What does "serve traffic continuously" means? I'm asking because my WAR will not serve traffic continuously but it will need to "stay up" all the time because of caching.
Also, for flexible, I saw the following pricing:
vCPU per core hour $0.0526
Memory per GB hour $0.0071
Persistent disk per GB per month $0.0400
Does the above means I should multiply each with *24*31 (month of uptime) in order to understand how much I'm going to pay?
For example:
2CPU = 0.0526 * 2 (cpus) * 24 (hours) * 31 (days in a month) = $78
2GB = 0.0071 * 2 (gb) * 24 (hours) * 31 (days in a month) = $10
1GB(disk) = 0.04 * 1 (month) = $0.04
A general question: Does Google cloud also serves a VPS-like computer where the user (me) can install what he wants? If so, where can I read about it?
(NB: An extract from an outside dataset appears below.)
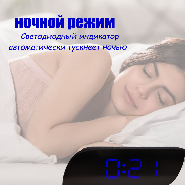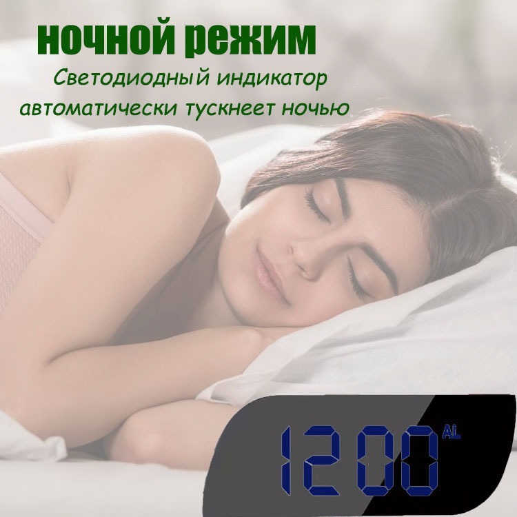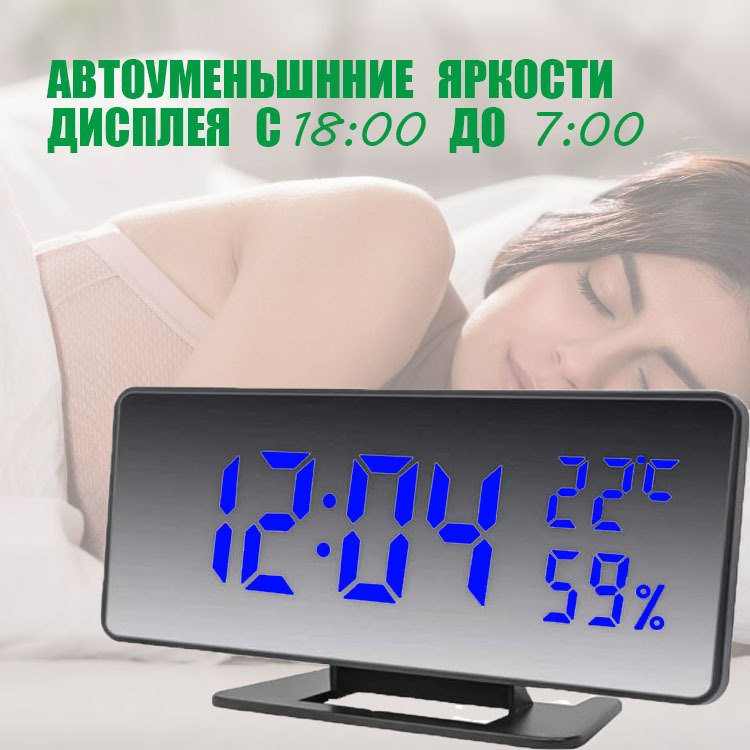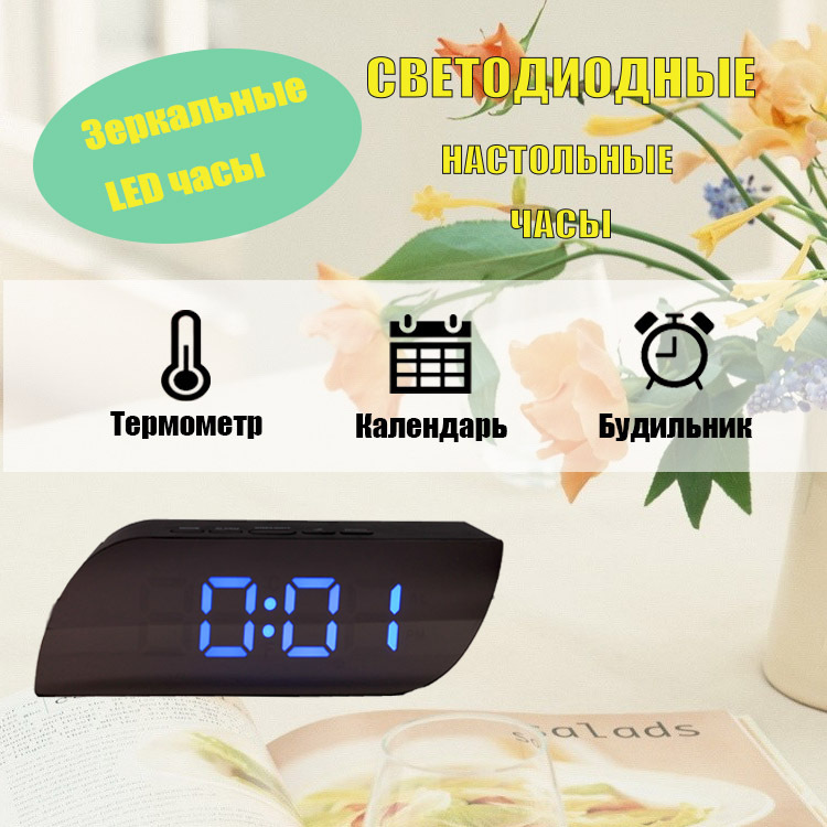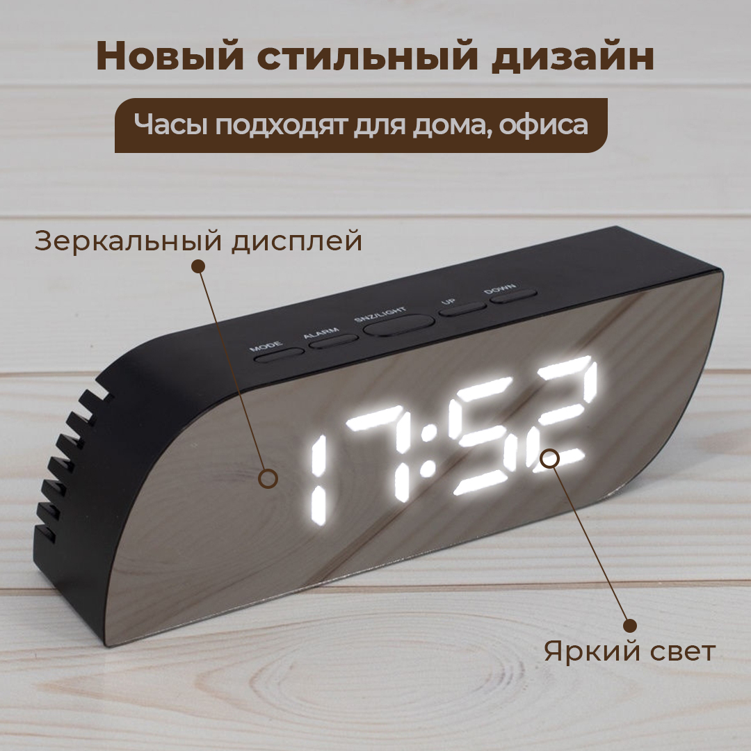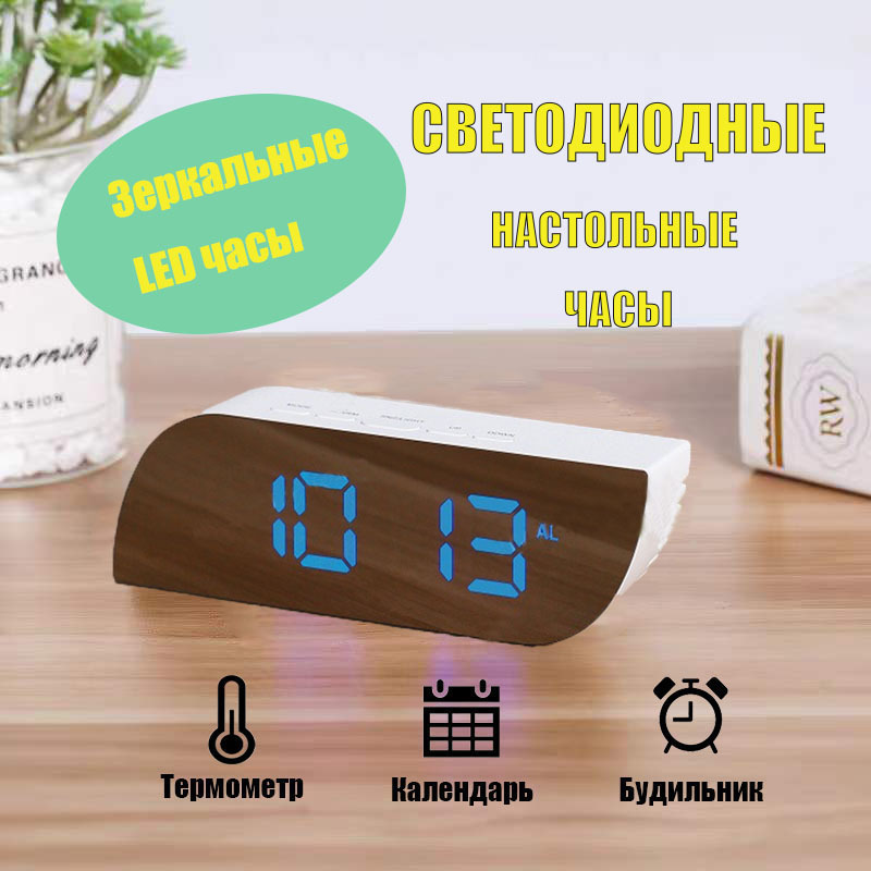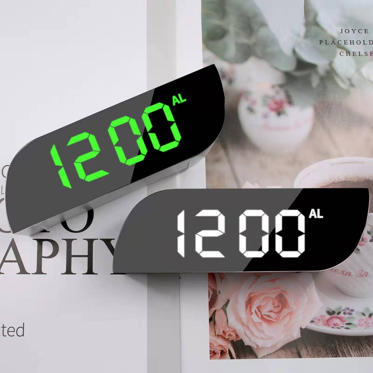 Часы будильник электронные настольные зеркальные, дисплей зеленый
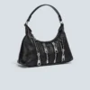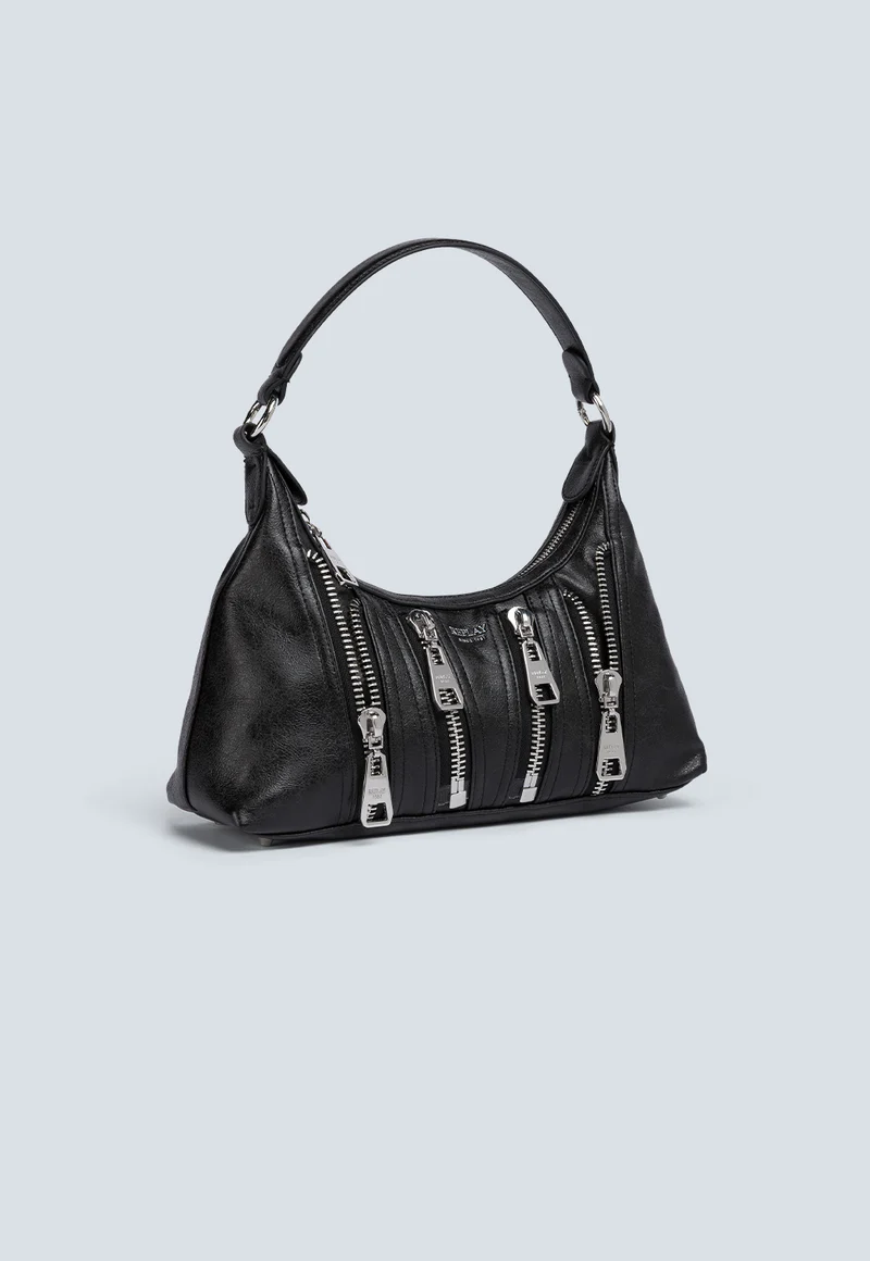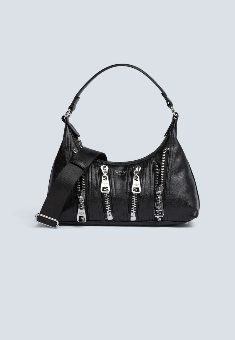 תיק כתף מעוצב לנשים בצבע שחור, עשוי מחומר דמוי עור איכותי בגימור מבריק. כולל מספר רוכסנים דקורטיביים בחזית המעניקים מראה אורבני ונועז, ורצועת כתף רחבה לנוחות מירבית. מושלם להשלמת לוק יומיומי או ערב עם טאץ' אופנתי ואדג’י.

Only you can do your capacity planning. Make a rough, order of magnitude guess for the resource consumption expected. Estimate based on observations of this app in use. Set a spending limit on the project to be sure going over budget is not a surprisingly large bill.
For standard environment the scaling unit is a container, for flexible environment the scaling unit is a VM instance. Just as it says, flexible has at least one (billable) instance running all the time, because it takes too long to auto scale from zero. Your capacity planning process helps determine which of these is appropriate and how many you need.
GCP App Engine is a managed service that assumes you do not want a shell. While you can get a shell on a flexible environment instance, you also can abandon App Engine and run your own environment on unmanaged Google Compute Engine instances.